• TASK BRIEF
The answer must be every line of the records below that contains the word "control".

Records from a data collection:

··········

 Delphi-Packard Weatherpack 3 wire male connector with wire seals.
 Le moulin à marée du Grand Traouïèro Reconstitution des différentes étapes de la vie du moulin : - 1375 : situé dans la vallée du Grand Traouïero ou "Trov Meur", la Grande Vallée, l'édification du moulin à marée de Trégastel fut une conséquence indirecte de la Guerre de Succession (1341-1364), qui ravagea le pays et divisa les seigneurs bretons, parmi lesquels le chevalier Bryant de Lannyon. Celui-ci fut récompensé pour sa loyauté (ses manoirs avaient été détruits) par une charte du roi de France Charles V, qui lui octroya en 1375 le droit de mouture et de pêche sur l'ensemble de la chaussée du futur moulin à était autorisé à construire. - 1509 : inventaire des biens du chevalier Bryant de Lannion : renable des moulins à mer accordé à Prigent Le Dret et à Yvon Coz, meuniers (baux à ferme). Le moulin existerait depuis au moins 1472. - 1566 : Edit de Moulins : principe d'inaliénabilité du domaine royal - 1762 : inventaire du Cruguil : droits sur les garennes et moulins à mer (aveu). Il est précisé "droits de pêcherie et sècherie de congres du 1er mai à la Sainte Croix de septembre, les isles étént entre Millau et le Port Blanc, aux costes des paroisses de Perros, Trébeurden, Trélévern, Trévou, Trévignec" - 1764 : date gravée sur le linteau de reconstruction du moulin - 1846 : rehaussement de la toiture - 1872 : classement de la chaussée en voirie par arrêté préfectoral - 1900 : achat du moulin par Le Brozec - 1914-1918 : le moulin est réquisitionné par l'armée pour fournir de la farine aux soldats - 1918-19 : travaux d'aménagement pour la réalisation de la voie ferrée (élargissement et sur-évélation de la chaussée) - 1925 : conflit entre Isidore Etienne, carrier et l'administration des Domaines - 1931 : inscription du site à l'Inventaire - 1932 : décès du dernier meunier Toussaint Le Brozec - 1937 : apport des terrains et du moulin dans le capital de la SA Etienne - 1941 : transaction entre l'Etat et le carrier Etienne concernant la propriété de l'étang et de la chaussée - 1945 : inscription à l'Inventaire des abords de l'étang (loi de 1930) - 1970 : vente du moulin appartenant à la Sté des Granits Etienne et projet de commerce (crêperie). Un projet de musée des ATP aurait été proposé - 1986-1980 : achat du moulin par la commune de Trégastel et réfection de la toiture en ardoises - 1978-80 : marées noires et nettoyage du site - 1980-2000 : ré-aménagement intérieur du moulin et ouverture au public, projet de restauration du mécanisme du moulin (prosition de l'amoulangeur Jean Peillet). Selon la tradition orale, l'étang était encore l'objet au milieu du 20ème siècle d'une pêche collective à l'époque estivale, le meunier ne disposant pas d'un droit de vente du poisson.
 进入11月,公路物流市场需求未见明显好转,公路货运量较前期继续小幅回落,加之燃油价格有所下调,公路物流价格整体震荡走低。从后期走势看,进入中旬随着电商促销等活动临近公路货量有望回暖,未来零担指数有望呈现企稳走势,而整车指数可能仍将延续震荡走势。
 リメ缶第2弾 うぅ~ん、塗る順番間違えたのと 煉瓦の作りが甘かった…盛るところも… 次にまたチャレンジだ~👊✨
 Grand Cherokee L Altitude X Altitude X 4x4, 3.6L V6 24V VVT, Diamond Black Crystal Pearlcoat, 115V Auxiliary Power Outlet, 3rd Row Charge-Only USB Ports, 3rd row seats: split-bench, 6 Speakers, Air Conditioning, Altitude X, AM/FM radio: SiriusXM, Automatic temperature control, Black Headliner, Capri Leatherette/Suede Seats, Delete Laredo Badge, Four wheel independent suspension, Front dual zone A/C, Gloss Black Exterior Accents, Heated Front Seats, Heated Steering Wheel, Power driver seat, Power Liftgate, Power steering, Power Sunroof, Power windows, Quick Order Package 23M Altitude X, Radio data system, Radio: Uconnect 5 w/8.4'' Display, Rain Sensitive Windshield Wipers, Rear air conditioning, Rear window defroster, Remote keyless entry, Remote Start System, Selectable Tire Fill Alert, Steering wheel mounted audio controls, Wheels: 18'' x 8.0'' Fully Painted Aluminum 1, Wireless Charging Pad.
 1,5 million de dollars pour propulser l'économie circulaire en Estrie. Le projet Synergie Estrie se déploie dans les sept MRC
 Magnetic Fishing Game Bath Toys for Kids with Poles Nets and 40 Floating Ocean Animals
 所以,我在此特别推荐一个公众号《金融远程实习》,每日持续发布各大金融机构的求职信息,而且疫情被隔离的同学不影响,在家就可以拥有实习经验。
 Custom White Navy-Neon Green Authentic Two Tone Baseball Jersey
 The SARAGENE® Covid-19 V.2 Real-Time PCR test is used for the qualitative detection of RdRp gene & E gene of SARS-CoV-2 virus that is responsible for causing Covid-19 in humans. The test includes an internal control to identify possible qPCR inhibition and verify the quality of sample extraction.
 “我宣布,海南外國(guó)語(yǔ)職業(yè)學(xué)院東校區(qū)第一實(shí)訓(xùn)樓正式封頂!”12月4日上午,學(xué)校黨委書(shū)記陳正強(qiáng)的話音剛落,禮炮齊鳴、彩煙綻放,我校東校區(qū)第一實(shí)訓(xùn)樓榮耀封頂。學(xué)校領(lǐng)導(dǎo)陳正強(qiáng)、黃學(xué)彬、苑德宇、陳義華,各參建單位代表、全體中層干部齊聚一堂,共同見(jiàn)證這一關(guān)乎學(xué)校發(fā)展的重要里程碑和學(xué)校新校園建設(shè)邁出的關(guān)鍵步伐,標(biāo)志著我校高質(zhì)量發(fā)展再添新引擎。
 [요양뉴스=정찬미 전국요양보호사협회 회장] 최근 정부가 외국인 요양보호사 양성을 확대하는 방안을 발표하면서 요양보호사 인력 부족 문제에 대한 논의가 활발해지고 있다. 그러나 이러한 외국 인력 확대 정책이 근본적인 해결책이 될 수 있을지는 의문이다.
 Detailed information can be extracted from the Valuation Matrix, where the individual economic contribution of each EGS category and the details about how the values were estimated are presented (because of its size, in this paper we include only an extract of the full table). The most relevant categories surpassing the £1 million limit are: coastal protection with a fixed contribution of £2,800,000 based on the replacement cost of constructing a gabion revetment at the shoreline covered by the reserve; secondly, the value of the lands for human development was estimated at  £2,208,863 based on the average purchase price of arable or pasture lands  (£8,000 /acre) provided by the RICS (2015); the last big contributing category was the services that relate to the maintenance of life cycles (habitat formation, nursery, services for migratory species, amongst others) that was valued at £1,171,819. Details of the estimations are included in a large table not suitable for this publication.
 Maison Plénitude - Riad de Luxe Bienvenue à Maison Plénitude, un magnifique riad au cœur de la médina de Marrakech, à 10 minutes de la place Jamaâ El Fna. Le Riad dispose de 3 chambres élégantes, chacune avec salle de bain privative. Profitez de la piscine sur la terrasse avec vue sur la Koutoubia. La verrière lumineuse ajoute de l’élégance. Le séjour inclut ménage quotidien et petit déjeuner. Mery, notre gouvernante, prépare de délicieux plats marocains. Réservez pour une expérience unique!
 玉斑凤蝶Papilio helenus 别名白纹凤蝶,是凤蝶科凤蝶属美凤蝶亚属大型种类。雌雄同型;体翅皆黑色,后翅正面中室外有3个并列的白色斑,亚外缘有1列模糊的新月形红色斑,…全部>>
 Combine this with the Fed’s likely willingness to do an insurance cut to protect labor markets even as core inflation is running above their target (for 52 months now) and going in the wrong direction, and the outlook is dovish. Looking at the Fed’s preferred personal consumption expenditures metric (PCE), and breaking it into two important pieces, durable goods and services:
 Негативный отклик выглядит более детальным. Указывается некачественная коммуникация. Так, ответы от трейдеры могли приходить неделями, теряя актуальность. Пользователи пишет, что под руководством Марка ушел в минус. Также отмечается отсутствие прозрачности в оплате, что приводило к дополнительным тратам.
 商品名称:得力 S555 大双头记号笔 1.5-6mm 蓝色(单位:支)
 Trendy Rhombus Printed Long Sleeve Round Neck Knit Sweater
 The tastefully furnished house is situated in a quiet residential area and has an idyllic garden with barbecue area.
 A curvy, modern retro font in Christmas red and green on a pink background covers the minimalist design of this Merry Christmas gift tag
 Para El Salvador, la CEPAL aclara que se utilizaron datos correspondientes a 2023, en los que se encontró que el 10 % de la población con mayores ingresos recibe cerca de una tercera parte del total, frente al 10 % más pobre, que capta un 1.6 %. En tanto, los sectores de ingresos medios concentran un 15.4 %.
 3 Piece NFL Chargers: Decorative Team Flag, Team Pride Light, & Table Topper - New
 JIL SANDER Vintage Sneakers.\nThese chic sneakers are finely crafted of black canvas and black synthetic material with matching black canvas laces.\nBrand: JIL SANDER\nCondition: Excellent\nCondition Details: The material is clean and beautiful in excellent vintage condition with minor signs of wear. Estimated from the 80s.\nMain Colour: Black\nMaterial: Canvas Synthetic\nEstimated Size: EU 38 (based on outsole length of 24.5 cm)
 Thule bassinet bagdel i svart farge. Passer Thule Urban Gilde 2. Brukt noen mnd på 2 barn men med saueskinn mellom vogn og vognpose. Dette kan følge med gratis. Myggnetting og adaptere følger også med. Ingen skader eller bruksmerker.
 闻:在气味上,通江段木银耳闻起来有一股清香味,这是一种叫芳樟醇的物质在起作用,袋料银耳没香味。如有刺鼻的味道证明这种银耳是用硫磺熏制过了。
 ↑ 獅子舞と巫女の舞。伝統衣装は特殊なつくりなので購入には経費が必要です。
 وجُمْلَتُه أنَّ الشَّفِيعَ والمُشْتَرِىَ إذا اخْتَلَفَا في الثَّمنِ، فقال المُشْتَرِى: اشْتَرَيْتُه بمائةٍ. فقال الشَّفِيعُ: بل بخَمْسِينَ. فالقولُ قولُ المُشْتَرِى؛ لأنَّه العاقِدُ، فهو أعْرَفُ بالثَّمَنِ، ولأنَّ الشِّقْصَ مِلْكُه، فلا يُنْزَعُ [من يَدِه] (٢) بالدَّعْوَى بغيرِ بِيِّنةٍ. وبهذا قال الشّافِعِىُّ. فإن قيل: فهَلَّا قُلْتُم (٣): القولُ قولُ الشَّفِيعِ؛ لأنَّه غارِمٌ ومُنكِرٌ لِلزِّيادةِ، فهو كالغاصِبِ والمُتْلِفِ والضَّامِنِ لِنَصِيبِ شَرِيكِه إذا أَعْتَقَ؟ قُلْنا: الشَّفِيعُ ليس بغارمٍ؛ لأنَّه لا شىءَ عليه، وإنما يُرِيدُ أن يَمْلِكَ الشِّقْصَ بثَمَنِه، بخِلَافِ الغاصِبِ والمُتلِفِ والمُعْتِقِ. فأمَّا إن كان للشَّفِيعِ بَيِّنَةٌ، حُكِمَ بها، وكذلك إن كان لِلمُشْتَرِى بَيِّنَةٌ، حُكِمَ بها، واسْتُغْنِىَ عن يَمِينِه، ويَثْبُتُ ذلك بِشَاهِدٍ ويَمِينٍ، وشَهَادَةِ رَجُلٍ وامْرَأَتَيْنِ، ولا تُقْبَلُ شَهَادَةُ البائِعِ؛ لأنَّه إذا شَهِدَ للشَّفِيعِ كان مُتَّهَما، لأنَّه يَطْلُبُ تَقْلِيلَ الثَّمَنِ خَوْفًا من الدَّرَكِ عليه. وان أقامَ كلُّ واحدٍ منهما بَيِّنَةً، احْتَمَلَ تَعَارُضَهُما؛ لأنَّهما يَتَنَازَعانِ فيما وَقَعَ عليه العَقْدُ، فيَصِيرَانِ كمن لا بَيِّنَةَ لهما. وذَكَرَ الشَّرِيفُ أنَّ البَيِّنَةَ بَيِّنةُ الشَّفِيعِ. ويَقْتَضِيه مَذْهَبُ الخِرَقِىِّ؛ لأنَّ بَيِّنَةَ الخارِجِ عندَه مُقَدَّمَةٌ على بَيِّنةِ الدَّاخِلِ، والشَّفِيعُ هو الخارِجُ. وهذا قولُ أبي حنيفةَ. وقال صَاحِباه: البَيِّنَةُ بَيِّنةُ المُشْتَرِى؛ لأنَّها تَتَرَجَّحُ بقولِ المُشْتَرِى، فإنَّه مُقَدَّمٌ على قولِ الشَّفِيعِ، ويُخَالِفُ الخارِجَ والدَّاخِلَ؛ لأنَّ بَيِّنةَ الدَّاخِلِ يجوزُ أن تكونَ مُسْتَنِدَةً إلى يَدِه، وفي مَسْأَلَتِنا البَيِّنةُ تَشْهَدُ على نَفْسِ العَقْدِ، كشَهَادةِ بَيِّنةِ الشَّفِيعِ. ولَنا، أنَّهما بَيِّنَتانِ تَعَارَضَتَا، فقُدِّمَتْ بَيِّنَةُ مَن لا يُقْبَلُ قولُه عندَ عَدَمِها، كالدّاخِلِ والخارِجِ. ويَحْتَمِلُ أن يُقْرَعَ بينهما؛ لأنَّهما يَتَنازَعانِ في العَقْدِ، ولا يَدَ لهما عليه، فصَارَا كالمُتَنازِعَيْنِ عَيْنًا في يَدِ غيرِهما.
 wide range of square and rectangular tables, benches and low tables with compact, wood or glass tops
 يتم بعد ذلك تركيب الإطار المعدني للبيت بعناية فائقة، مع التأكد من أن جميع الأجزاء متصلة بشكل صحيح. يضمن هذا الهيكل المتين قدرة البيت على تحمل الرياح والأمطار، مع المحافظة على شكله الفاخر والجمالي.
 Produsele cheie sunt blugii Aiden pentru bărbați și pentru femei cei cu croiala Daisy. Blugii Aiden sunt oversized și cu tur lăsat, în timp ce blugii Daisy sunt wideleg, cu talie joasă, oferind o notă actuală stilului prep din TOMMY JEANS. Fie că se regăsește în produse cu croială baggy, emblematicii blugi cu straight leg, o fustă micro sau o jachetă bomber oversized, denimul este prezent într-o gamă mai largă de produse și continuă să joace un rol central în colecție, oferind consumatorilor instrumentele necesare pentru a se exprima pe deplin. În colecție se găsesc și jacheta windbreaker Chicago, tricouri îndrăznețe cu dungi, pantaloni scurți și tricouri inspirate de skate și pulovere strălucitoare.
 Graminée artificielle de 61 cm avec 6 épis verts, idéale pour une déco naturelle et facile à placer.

··········

• SOLUTION BELOW
 Grand Cherokee L Altitude X Altitude X 4x4, 3.6L V6 24V VVT, Diamond Black Crystal Pearlcoat, 115V Auxiliary Power Outlet, 3rd Row Charge-Only USB Ports, 3rd row seats: split-bench, 6 Speakers, Air Conditioning, Altitude X, AM/FM radio: SiriusXM, Automatic temperature control, Black Headliner, Capri Leatherette/Suede Seats, Delete Laredo Badge, Four wheel independent suspension, Front dual zone A/C, Gloss Black Exterior Accents, Heated Front Seats, Heated Steering Wheel, Power driver seat, Power Liftgate, Power steering, Power Sunroof, Power windows, Quick Order Package 23M Altitude X, Radio data system, Radio: Uconnect 5 w/8.4'' Display, Rain Sensitive Windshield Wipers, Rear air conditioning, Rear window defroster, Remote keyless entry, Remote Start System, Selectable Tire Fill Alert, Steering wheel mounted audio controls, Wheels: 18'' x 8.0'' Fully Painted Aluminum 1, Wireless Charging Pad.
 The SARAGENE® Covid-19 V.2 Real-Time PCR test is used for the qualitative detection of RdRp gene & E gene of SARS-CoV-2 virus that is responsible for causing Covid-19 in humans. The test includes an internal control to identify possible qPCR inhibition and verify the quality of sample extraction.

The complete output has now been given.